+++ Recorded data
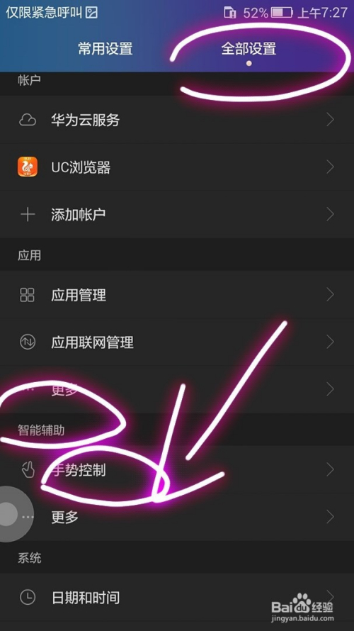 我们可在智能辅助模块中看到手势节制设置选项,点击选择该选项;
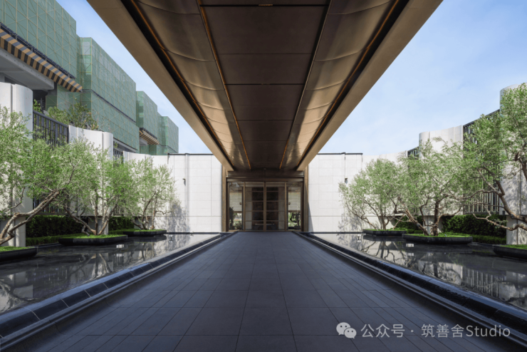 序院区,同频招商玺“树宅相守”理念,招商嵩雲序精心打造约24米水景长廊,营造出一步一景的归家仪式感,峰影婆娑,情境交融。在此空间,约6.6米高的景观墙与定制灯具交相辉映,郑州特色纯手工定制铝板吊顶,别具一格,构筑独特风景线。水景长廊两侧,油橄榄树列阵而立,每侧4棵,共计8棵,营造出庄严而温馨的回家序列仪式空间。
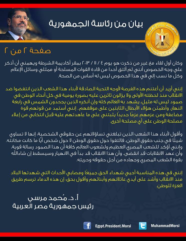 تداول عدد من نشطاء موقع التواصل الاجتماعي "الفيس بوك " أمس (الأربعاء) تصميم لبيان الرئيس محمد مرسي والذي تلاه الدماطي بعد زيارته للرئيس في مقر احتجازه
++++++
Task prompt:
All of the data above should be quoted exactly, except for the pictures.

Expected output:
 我们可在智能辅助模块中看到手势节制设置选项,点击选择该选项;
 序院区,同频招商玺“树宅相守”理念,招商嵩雲序精心打造约24米水景长廊,营造出一步一景的归家仪式感,峰影婆娑,情境交融。在此空间,约6.6米高的景观墙与定制灯具交相辉映,郑州特色纯手工定制铝板吊顶,别具一格,构筑独特风景线。水景长廊两侧,油橄榄树列阵而立,每侧4棵,共计8棵,营造出庄严而温馨的回家序列仪式空间。
 تداول عدد من نشطاء موقع التواصل الاجتماعي "الفيس بوك " أمس (الأربعاء) تصميم لبيان الرئيس محمد مرسي والذي تلاه الدماطي بعد زيارته للرئيس في مقر احتجازه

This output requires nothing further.